** WORK TO COMPLETE **
Write out exactly, and only, the lines below from the line with "Den tyska kejserliga" through the line with "该工作发表于美国化学会杂志ACS Materials Letters,论文题目为:Anisotropic"; pictures do not belong in the copy.

** DATA SECTION **
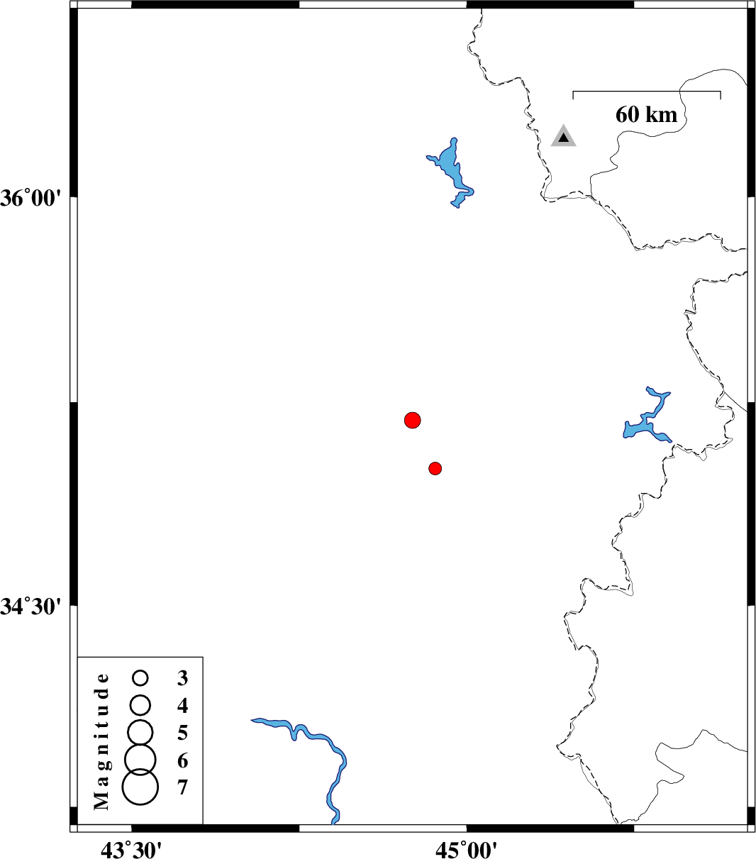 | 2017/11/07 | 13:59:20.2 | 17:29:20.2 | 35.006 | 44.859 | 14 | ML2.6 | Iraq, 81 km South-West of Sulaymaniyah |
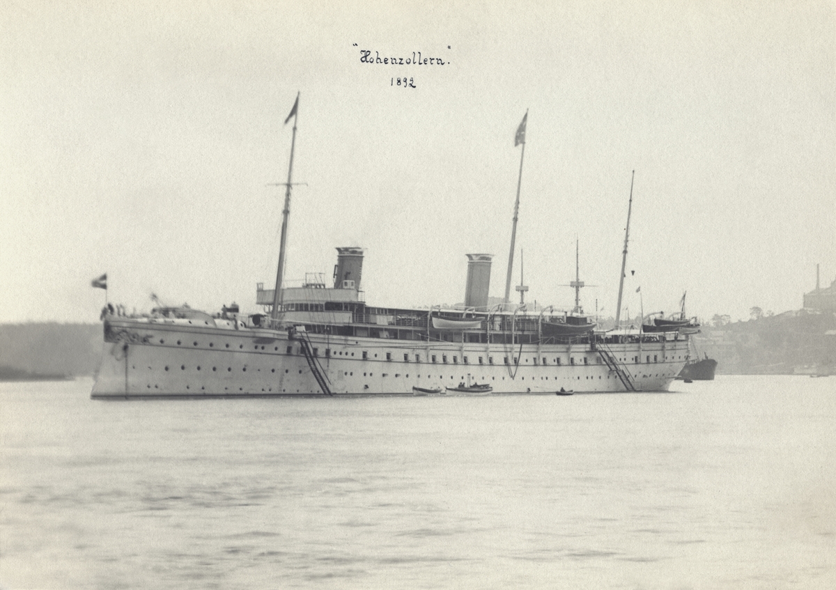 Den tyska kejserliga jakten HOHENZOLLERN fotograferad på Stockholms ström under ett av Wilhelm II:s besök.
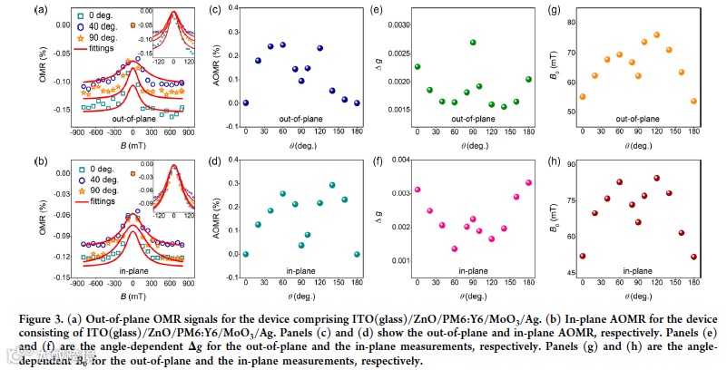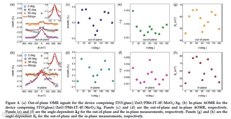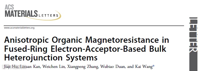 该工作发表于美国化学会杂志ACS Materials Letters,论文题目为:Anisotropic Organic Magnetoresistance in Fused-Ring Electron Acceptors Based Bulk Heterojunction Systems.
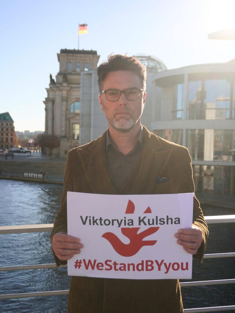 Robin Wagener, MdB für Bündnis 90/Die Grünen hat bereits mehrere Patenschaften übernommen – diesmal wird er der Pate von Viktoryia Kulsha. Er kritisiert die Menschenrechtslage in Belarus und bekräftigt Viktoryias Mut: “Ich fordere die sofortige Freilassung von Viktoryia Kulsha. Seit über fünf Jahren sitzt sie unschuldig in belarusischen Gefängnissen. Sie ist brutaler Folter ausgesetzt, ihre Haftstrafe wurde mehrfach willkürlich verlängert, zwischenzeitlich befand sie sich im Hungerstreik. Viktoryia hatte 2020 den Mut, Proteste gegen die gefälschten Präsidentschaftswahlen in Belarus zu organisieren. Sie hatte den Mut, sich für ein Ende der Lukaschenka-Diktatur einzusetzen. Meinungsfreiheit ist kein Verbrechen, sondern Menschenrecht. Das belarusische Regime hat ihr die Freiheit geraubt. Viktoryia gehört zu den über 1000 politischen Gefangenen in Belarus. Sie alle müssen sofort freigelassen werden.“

** EXERCISE OUTPUT **
 Den tyska kejserliga jakten HOHENZOLLERN fotograferad på Stockholms ström under ett av Wilhelm II:s besök.
 该工作发表于美国化学会杂志ACS Materials Letters,论文题目为:Anisotropic Organic Magnetoresistance in Fused-Ring Electron Acceptors Based Bulk Heterojunction Systems.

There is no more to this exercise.